## TASK REQUIREMENTS
Copy exactly the lines of the records below, starting at the line that contains "Boaters’ Resale Shop" and continuing through the last line, both included; omit any pictures.

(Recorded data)
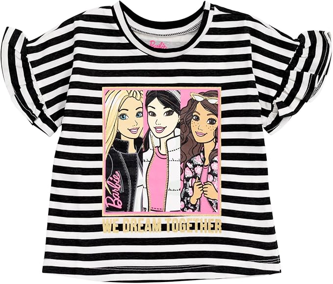 About This Jersey T-Shirt: 100% Cotton; Mesh Tutu: 100% Polyester Imported Officially licensed Barbie toddler girls short sleeve graphic tee... Read more
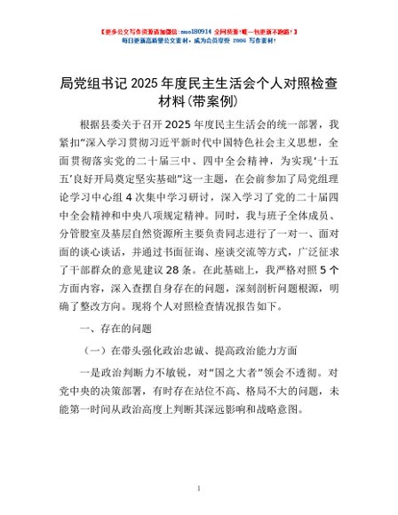 / 局党组书记2025年度民主生活会个人对照检查材料(带案例)
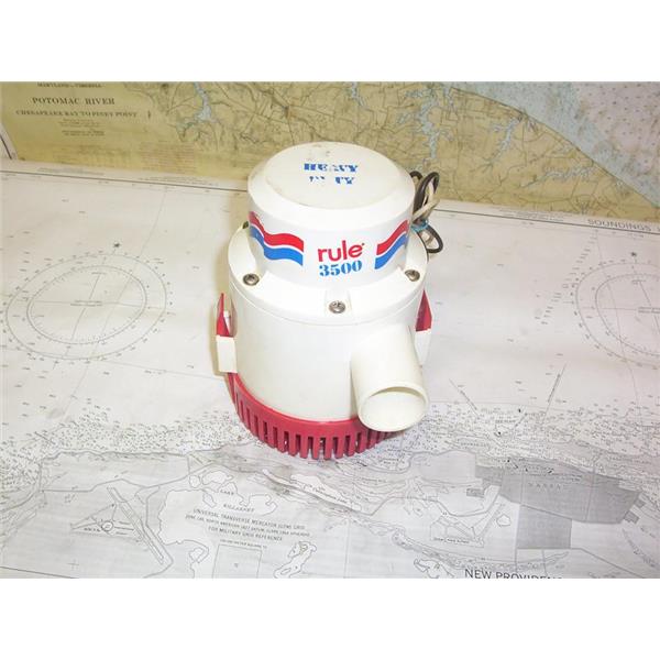 Boaters’ Resale Shop of TX 2212 3125.22 RULE 3500 GPH HEAVY DUTY MARINE 12 VOLT BILGE PUMP * SEE ALL 4 PHOTOS * SOLD AS PICTURED * ITEM WAS PRE-OWNED, USED, IN FAIRLY GOOD PHYSICAL CONDITION AND APPEARS TO BE OPERATING PROPERLY, POWERS UP AND SUCTION IS PRESENT BUT HAS NOT BEEN TESTED FURTHER
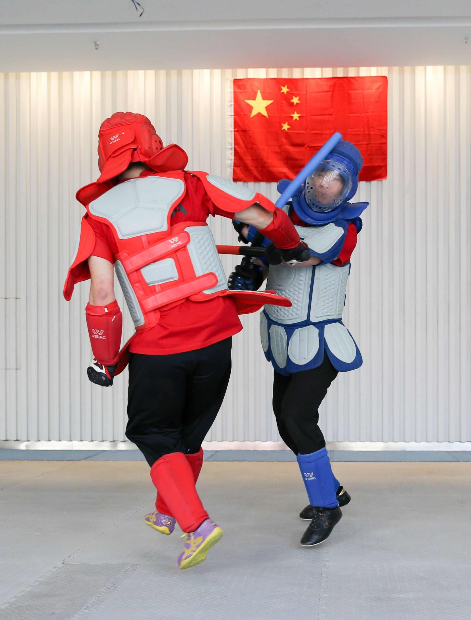 隊(duì)員手持一柄海綿包裹的短劍,時(shí)而閃躲騰挪,時(shí)而沖刺進(jìn)攻,動作行云流水。一招一式間盡顯力量和速度之美,相互對抗擊打時(shí)發(fā)出“啪啪”的聲響更是令人熱血沸騰……如果說哪一項(xiàng)運(yùn)動能夠滿足人們對俠客的終極幻想,非武術(shù)兵道莫屬。3月21日,為備戰(zhàn)全國武術(shù)兵道錦標(biāo)賽,內(nèi)蒙古唯一一支武術(shù)兵道隊(duì)在呼和浩特市體育運(yùn)動學(xué)校展開訓(xùn)練。
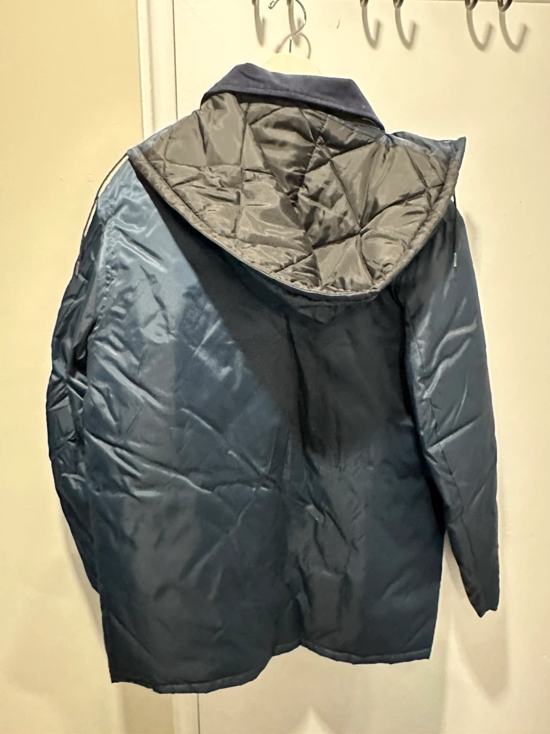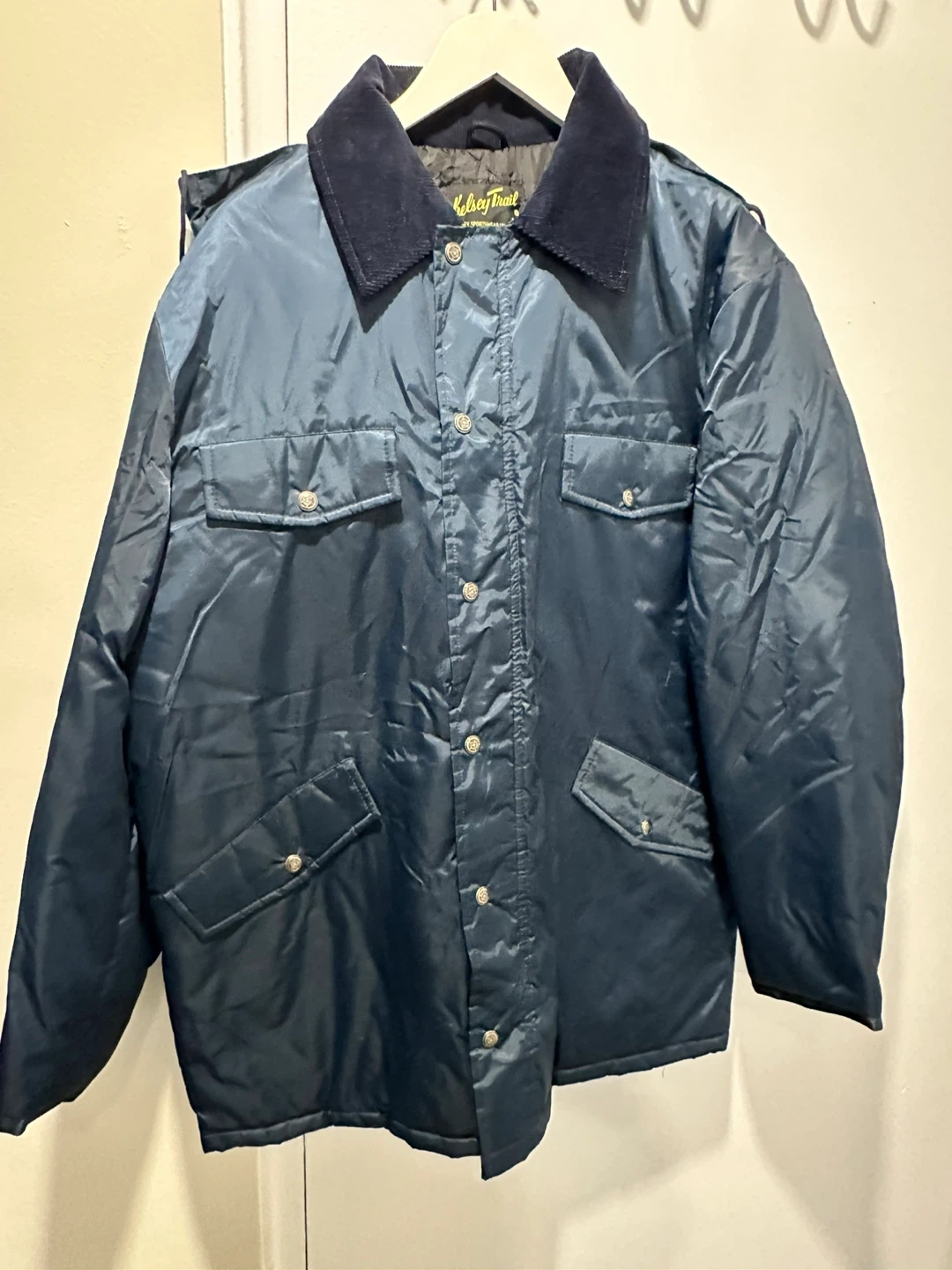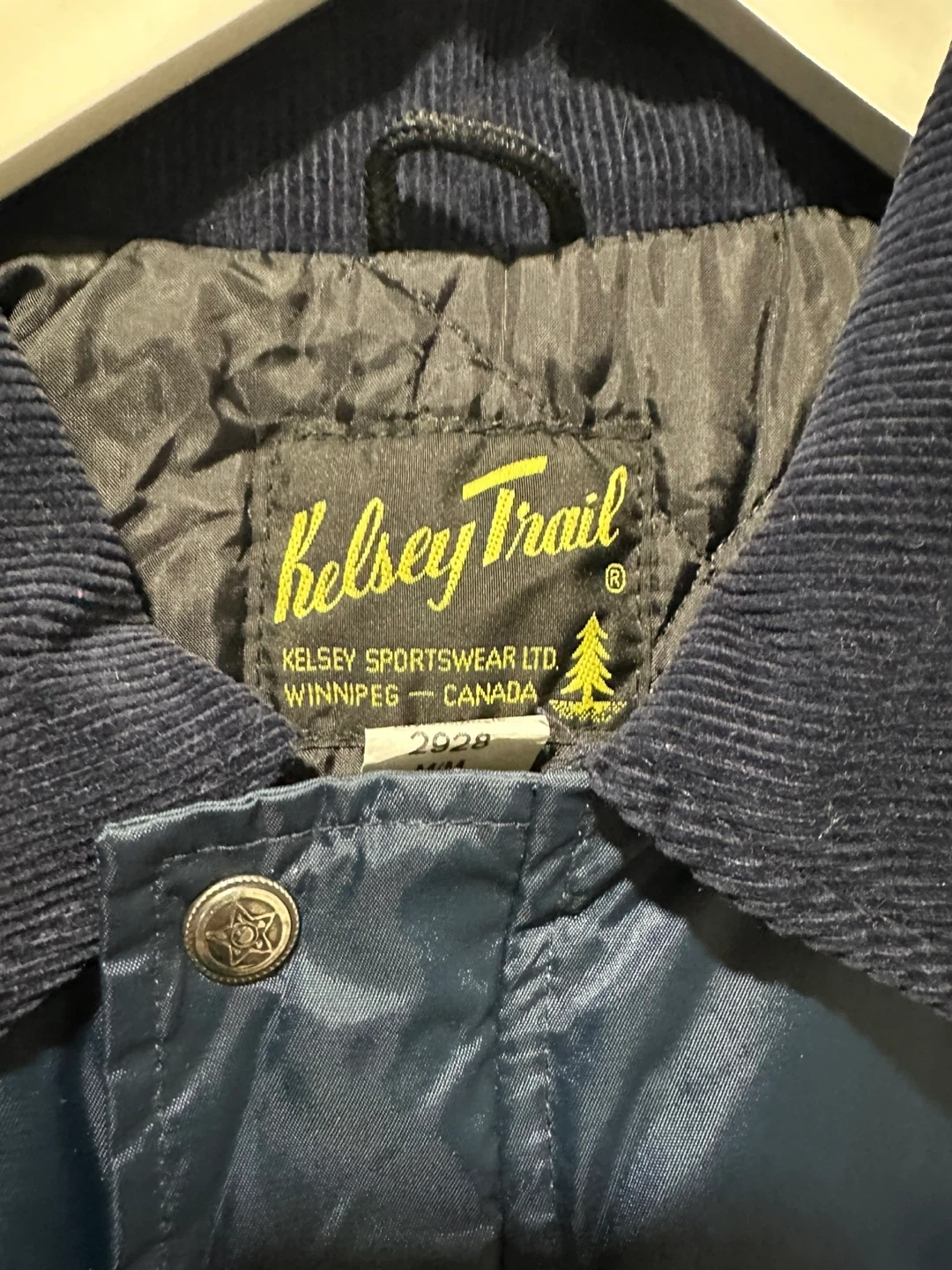 A navy Kelsey Trail insulated jacket with a quilted lining. Features two chest pockets and two lower pockets with snap closures. The collar is made of corduroy. Size is M.
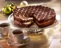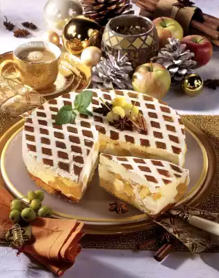 Close the mould edge around the base. Spread cream on top. Chill the cake for 4-5 hours. If necessary, place a decorative grid or paper strips on the cake, dust with cinnamon and remove the grid or paper. Decorate the cake

## RESPONSE BOX
 Boaters’ Resale Shop of TX 2212 3125.22 RULE 3500 GPH HEAVY DUTY MARINE 12 VOLT BILGE PUMP * SEE ALL 4 PHOTOS * SOLD AS PICTURED * ITEM WAS PRE-OWNED, USED, IN FAIRLY GOOD PHYSICAL CONDITION AND APPEARS TO BE OPERATING PROPERLY, POWERS UP AND SUCTION IS PRESENT BUT HAS NOT BEEN TESTED FURTHER
 隊(duì)員手持一柄海綿包裹的短劍,時(shí)而閃躲騰挪,時(shí)而沖刺進(jìn)攻,動作行云流水。一招一式間盡顯力量和速度之美,相互對抗擊打時(shí)發(fā)出“啪啪”的聲響更是令人熱血沸騰……如果說哪一項(xiàng)運(yùn)動能夠滿足人們對俠客的終極幻想,非武術(shù)兵道莫屬。3月21日,為備戰(zhàn)全國武術(shù)兵道錦標(biāo)賽,內(nèi)蒙古唯一一支武術(shù)兵道隊(duì)在呼和浩特市體育運(yùn)動學(xué)校展開訓(xùn)練。
 A navy Kelsey Trail insulated jacket with a quilted lining. Features two chest pockets and two lower pockets with snap closures. The collar is made of corduroy. Size is M.
 Close the mould edge around the base. Spread cream on top. Chill the cake for 4-5 hours. If necessary, place a decorative grid or paper strips on the cake, dust with cinnamon and remove the grid or paper. Decorate the cake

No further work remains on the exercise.